* **Goal of the exercise**
In this exercise, print only the lines of the records below from the one with "Paweł Edmund Strzelecki" through the one with "Fleischreste direkt neben der RW-Rinne", inclusive. Pictures are not part of the copy.

* **The records**
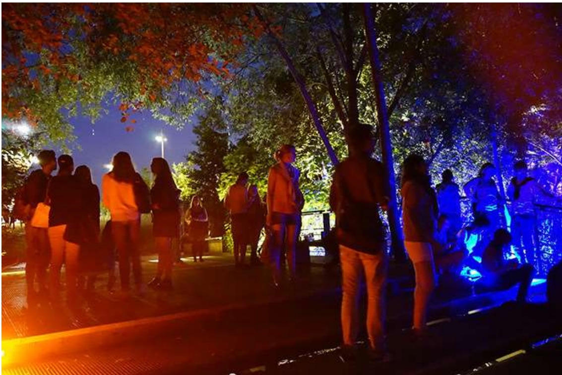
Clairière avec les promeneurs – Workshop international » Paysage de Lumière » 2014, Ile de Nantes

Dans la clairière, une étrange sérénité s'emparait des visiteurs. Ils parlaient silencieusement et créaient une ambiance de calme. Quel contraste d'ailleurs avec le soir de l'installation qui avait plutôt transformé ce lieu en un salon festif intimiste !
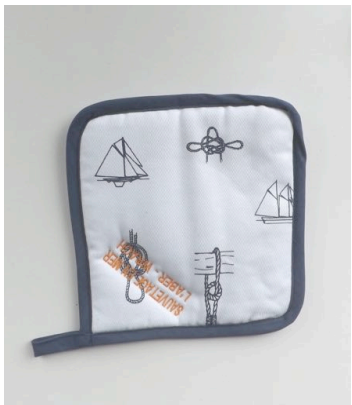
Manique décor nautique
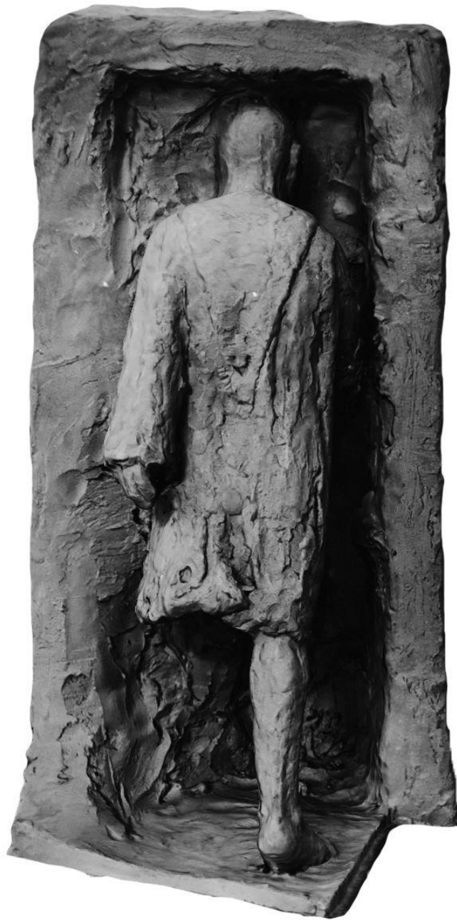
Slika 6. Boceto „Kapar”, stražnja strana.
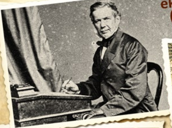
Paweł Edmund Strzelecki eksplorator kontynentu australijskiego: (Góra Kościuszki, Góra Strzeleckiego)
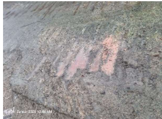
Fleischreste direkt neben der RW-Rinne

==

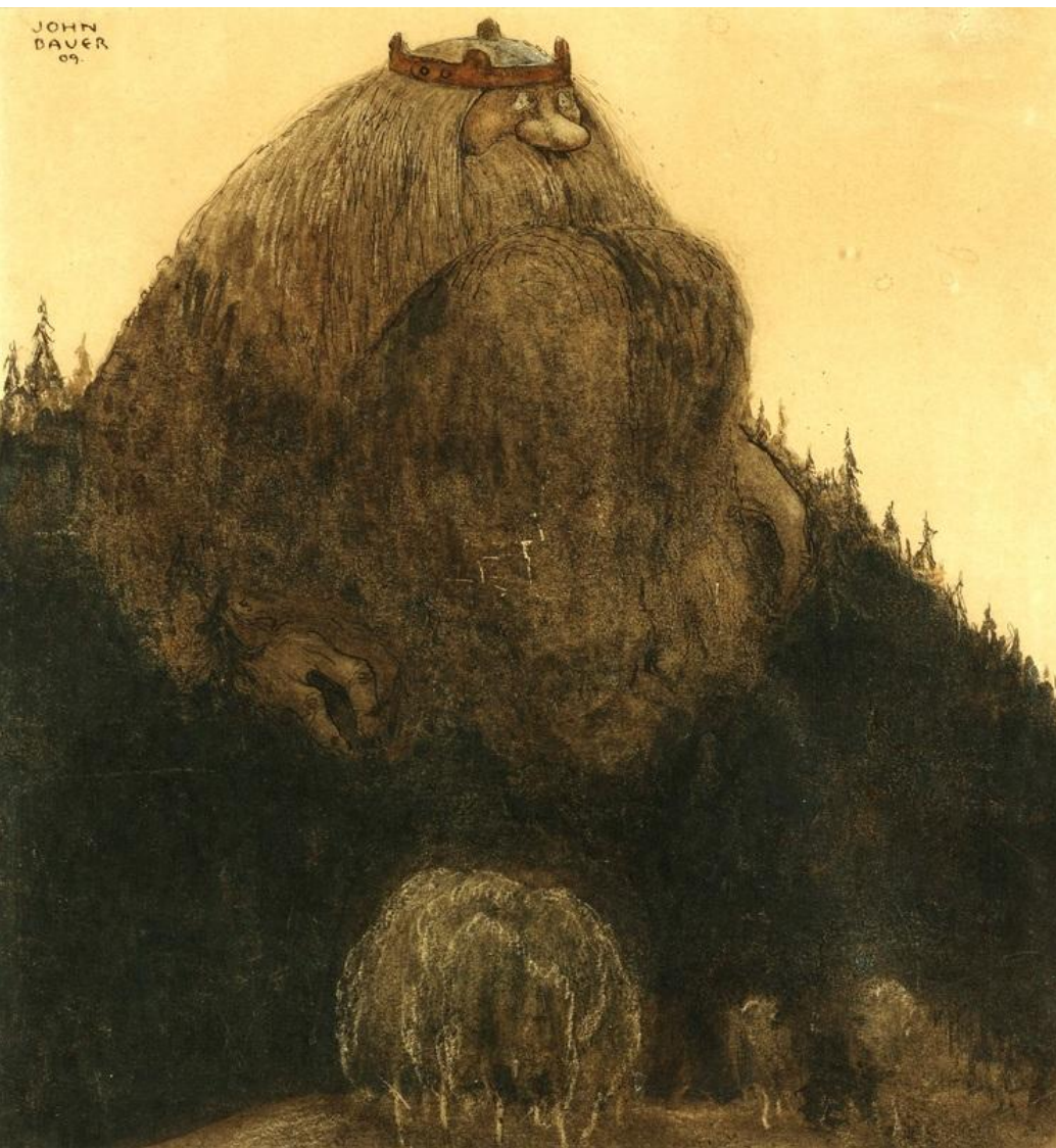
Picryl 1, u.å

* **Answer to this exercise**
Paweł Edmund Strzelecki eksplorator kontynentu australijskiego: (Góra Kościuszki, Góra Strzeleckiego)
Fleischreste direkt neben der RW-Rinne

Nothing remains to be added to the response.